THE PROBLEM: Keep the wording of each record exactly the same when you repeat it, and leave out pictures.

Source records:
··········
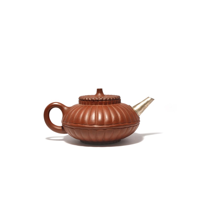 The compressed circular body moulded with many narrow petals, with a loop handle and a metal spout, the flat cover and short foot formed as chrysanthemum flowerheads, surmounted by a short pierced stem finial, 19cm. (2)
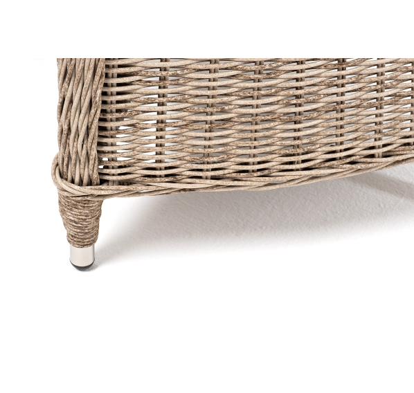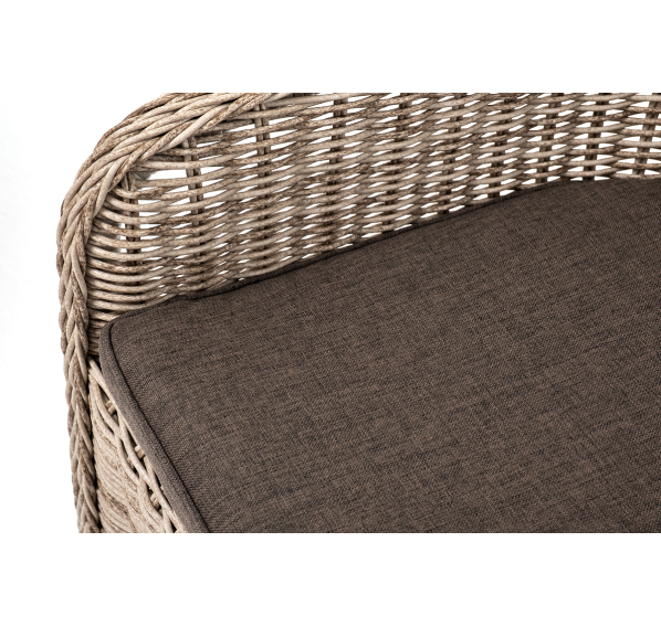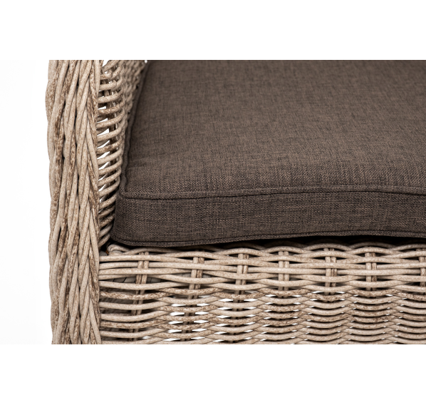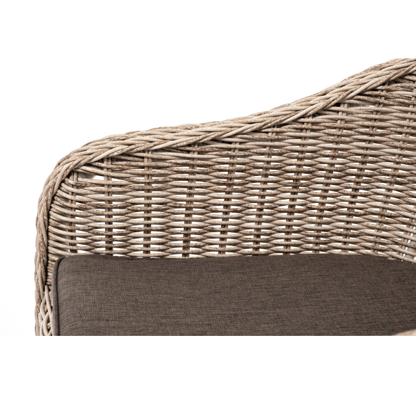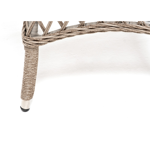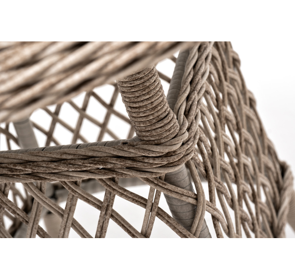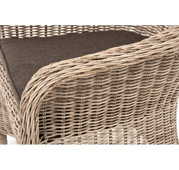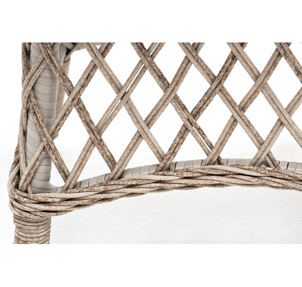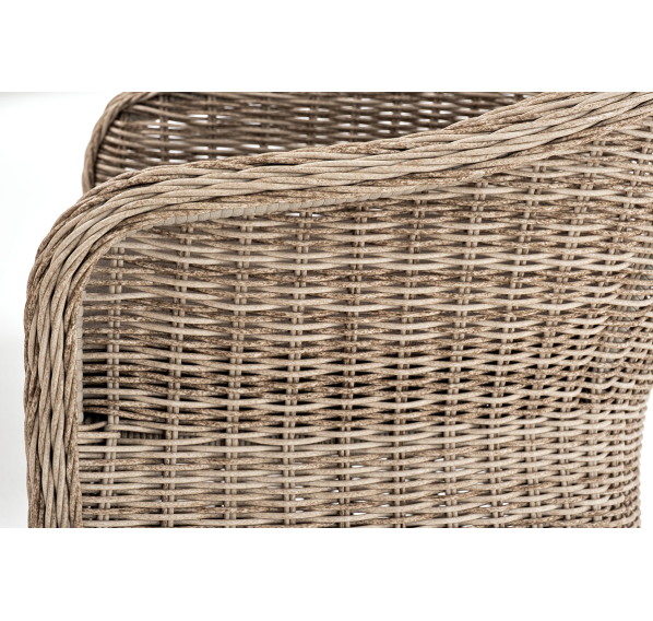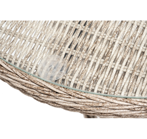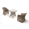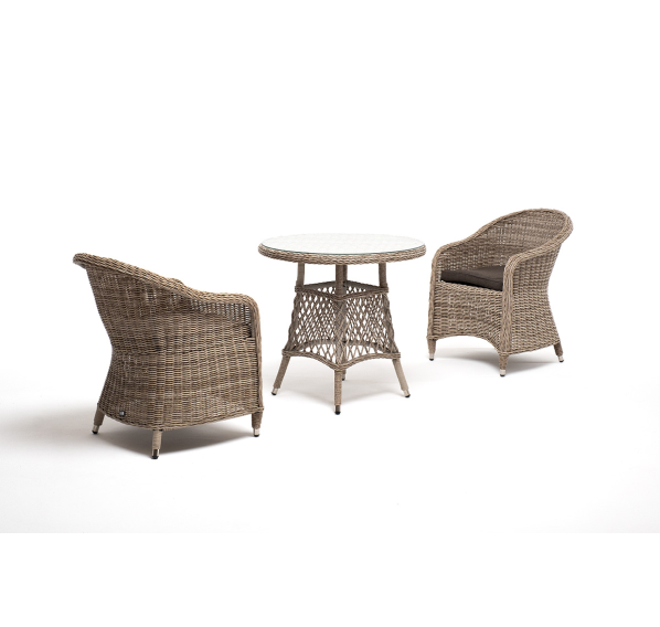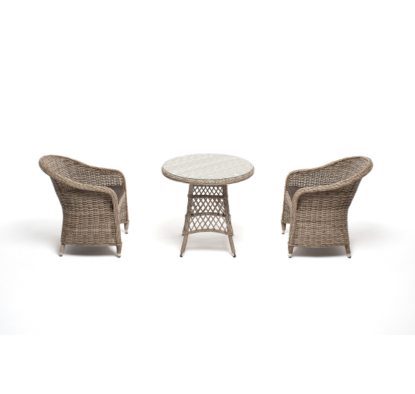 В плетеный комплект входит круглый стол «Эспрессо» диаметром 80 см с ударопрочной стеклянной столешницей и 2 кресла коллекции «Равенна» 570×680×810 мм.
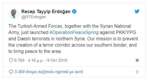 Ο πρόεδρος της Τουρκίας Ταγίπ Ερντογάν ανακοίνωσε πως άρχισε η τουρκική στρατιωτική επιχείρηση στη βορειοανατολική Συρία, ενώ τις προηγούμενες ημέρες προωθούνταν σε στρατηγικά σημεία στα σύνορα ισχυρές στρατιωτικές δυνάμεις.
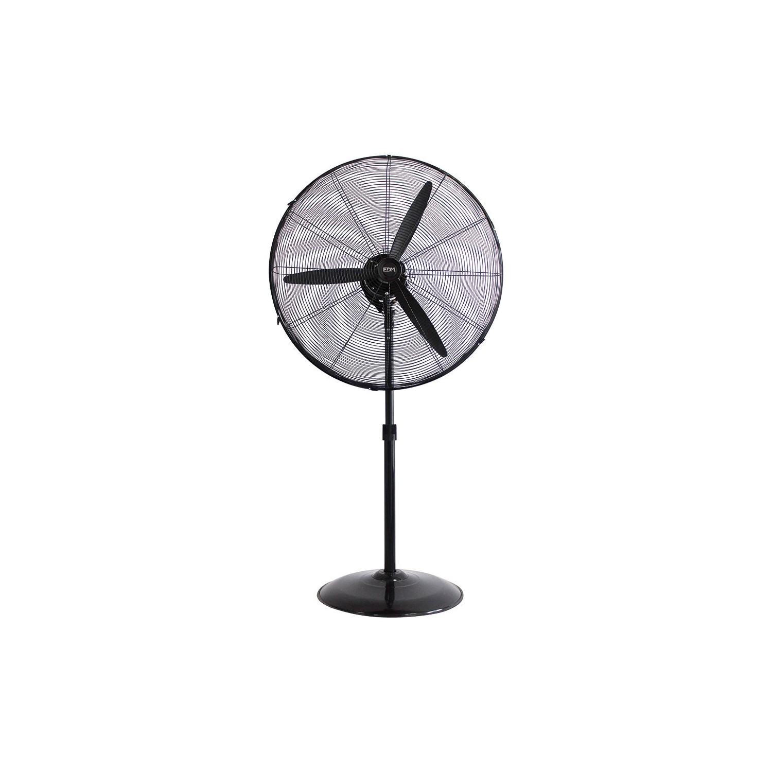Ventilador de pie industrial, con base circular. color negro. potencia: 180 w aspas: ø60cm altura regulable 117-156cm 3 velocidades. cabezal ajustable y oscilante. caudal de aire 10320 m³/h. 64,9 db. 220-240 v 50hz 3 palas. base metalica
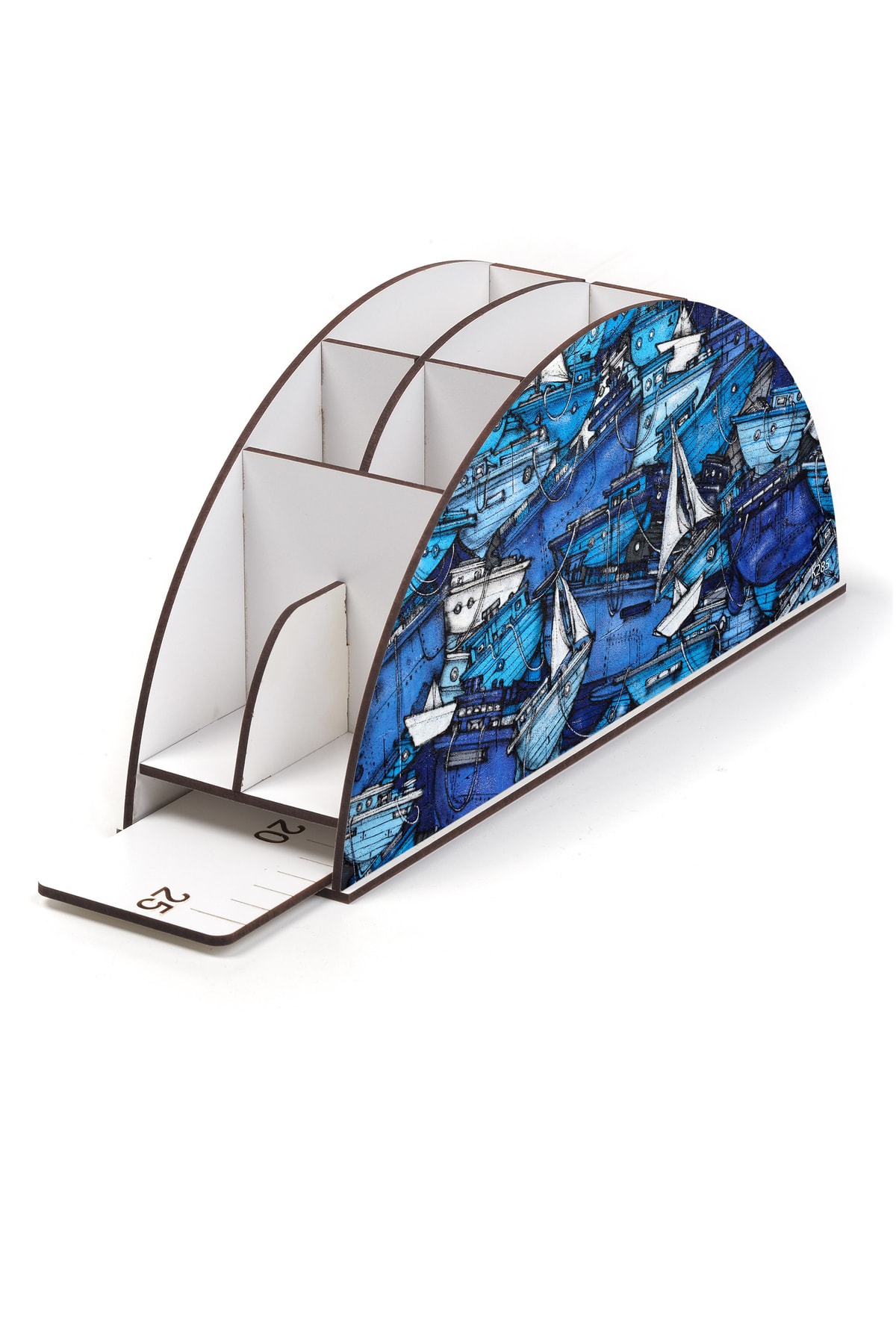 Ahşap Vip Emoji Serisi Gökkuşağı Cetvelli Masaüstü Kalemlik Organizer Montajlı Kutulu
··········
SOLUTION TO THIS EXERCISE:
 The compressed circular body moulded with many narrow petals, with a loop handle and a metal spout, the flat cover and short foot formed as chrysanthemum flowerheads, surmounted by a short pierced stem finial, 19cm. (2)
 В плетеный комплект входит круглый стол «Эспрессо» диаметром 80 см с ударопрочной стеклянной столешницей и 2 кресла коллекции «Равенна» 570×680×810 мм.
 Ο πρόεδρος της Τουρκίας Ταγίπ Ερντογάν ανακοίνωσε πως άρχισε η τουρκική στρατιωτική επιχείρηση στη βορειοανατολική Συρία, ενώ τις προηγούμενες ημέρες προωθούνταν σε στρατηγικά σημεία στα σύνορα ισχυρές στρατιωτικές δυνάμεις.
Ventilador de pie industrial, con base circular. color negro. potencia: 180 w aspas: ø60cm altura regulable 117-156cm 3 velocidades. cabezal ajustable y oscilante. caudal de aire 10320 m³/h. 64,9 db. 220-240 v 50hz 3 palas. base metalica
 Ahşap Vip Emoji Serisi Gökkuşağı Cetvelli Masaüstü Kalemlik Organizer Montajlı Kutulu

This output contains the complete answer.